"We came away by an early train to Verona, and drove in the afternoon to San Zenone, and then to the beautiful Giusti gardens for the sunset. Mother was able to climb up to the summer-house on the height, and the gardener gave us pinks and roses.

"On the 24th we came on to Trent, a most attractive place, with an interesting cathedral, fine fountains, beautiful trees, and surroundings of jagged pink mountains tipped with snow. Cheating the Alps by crossing the Brenner, we went by Salzburg to Berchtesgaden, where we found quiet rooms with a splendid view of the snow-clad Watzmann. We were rowed down the Königsee as far as the waterfall, Lea dreadfully frightened on the lake."

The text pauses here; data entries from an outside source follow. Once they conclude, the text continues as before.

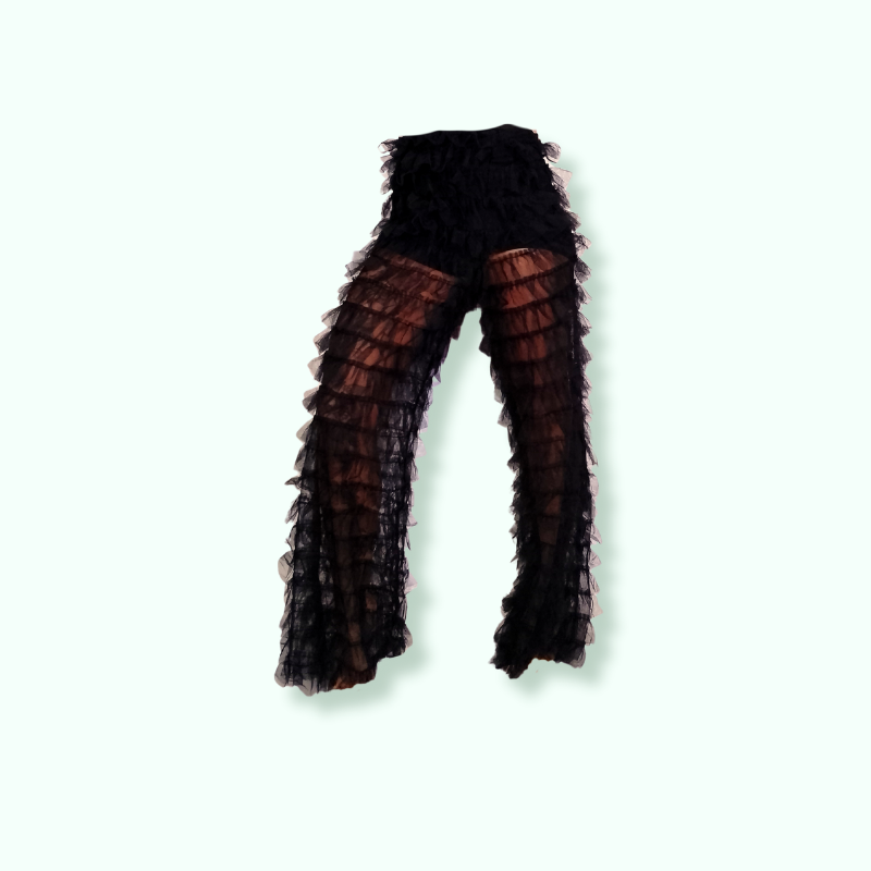 PANTALONE A BALZE IN TULLE TRASPARENTE. SVOLAZZANTE COME UNA GONNA, PRATICO COME UN PANTALONE… PRATICAMENTE UNA NUVOLA CHE CAMMINA!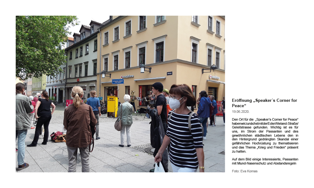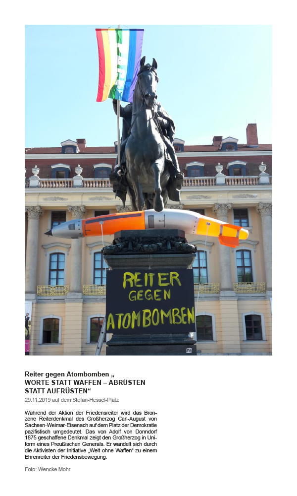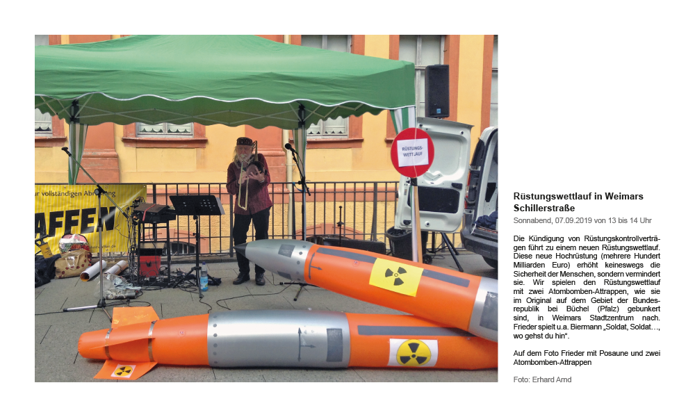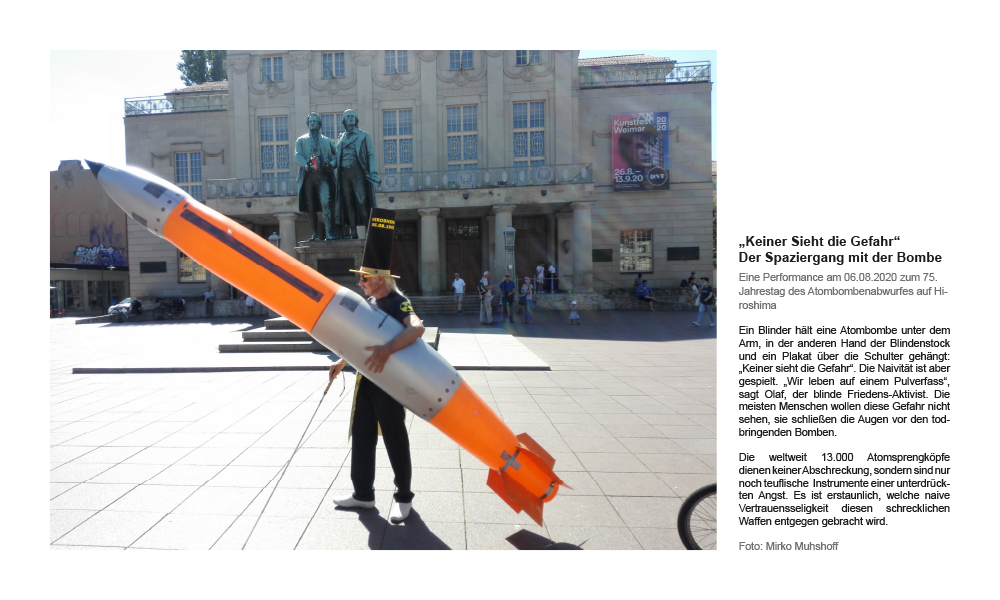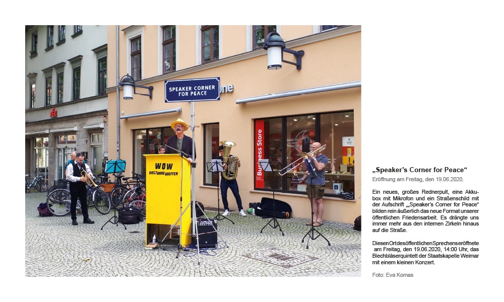 in der ausstellung wird zurückgeblickt auf bisherige aktionen der in weimar gegründeten initiative, u.a. mit fotografien und atombombenattrappe. wer sich beteiligen möchte, hat zudem die chance, sich selbst in der speakers‘ corner for peace zu äußern: das rednerpult wird zur vernissage auf dem stéphane-hessel-platz, danach bis zum 27. september im ausstellungsraum von Blueprint. edition aufgestellt.
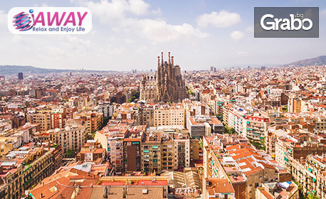 Отпътуване от летище София с полет София - Барселона. Посрещане от представител на фирмата организатор. Трансфер и панорамна обиколка на Барселона: площад "Испания" с "танцуващите фонтани", Арена де Торос (днес търговски център), хълмът Монджуик с паркове, галерии и развлекателни зони, архитектурният музей-резерват "Побле Еспаньол", Националният дворец, Олимпийският пръстен, Градският парк с Парламента и Зоологическата градина, Триумфалната арка, площад "Колумб", булевардът с "Каса Байо" и "Каса Педрера", крайбрежният булевард и зоната Маремагнум, митницата и статуята на Христофор Колумб, Олимпийското градче, площад "Каталуния". Пешеходна програма: църквата "Саграда Фамилия" - шедьовърът на Гауди. Свободно време за снимки.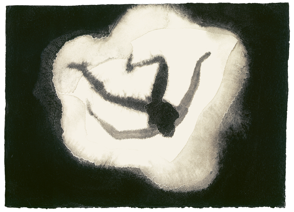Many of the works in these pages, which Gormley has made throughout his long career, depict a lone male figure in a featureless environment, a man emerging as though from a Rorschach blot. Others are more abstract: grids, lung-like shapes, sunspots on the back of an eyeball. One of the artist’s attractive qualities is a willingness to let chance lend a hand. For his ‘Body and Light’ series, he soaked paper in water before applying pigment and leaving it overnight so that the images were ‘arising’ beyond his control.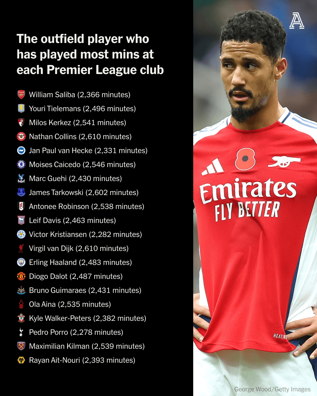 03月24日訊 The Athletic統計了本賽季英超各隊出場時間最多的外場(非門將)球員,薩利巴、范迪克、哈蘭德、達洛特、凱塞多在列。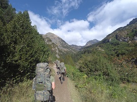 Posteriormente se afrontó la bajada (de mayor extensión kilométrica) en el que se descendieron 1185 metros sorteando diversos cauces, ibones y embalses hasta que las dos compañías alcanzaron el punto final de la marcha en los denominados Baños de Panticosa dando por terminada esta primera fase de la instrucción de los cadetes.
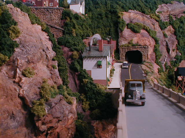 First Street crosses the concrete arched bridge. These vehicles have just come out of the tunnel from Hudson Point and are heading West. Most of these residences are used by railroad workers.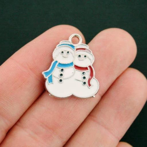 Breloques bonhommes de neige argentées, en alliage de zinc et émail. Parfait pour les bracelets, pendentifs, boucles d'oreilles, tirettes de fermeture éclair, signets et porte-clés !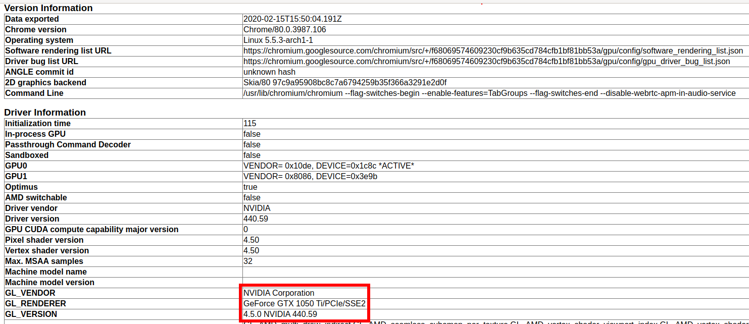 optirun glxinfo|egrep "OpenGL vendor|OpenGL renderer"

From Augsburg we went to Oberwesel on the Rhine, where we were very happy in a primitive hotel amid the vines and old timberhouses. On our second morning there, while I was drawing on the shore of the river, a strange and terrible presentiment came over me of some great misfortune, some overwhelming grief which was then taking place in England. I threw down my drawing things and hurried back to the hotel to my mother. "Never," I said, "have these sudden presentiments come to me without meaning. I am sure you will listen to me when I say that we ought to be in England directly."—"Yes," she said, "I quite believe it; let us go at once;" and then and there, in the hot morning, we walked down to the train. We travelled all night, and at daybreak we were in England. I confess that, as we travelled, the detailed impression which I had from my presentiment was wrong. I thought of what would have affected my mother most. I fancied that, as I was sitting on the Rhine shore, Arthur Stanley had died at Westminster. But John Gidman met us with our little carriage at Hastings, and as we drove up to Holmhurst he told me the dreadful truth—that, at the very moment of my presentiment, my sister Esmeralda had expired.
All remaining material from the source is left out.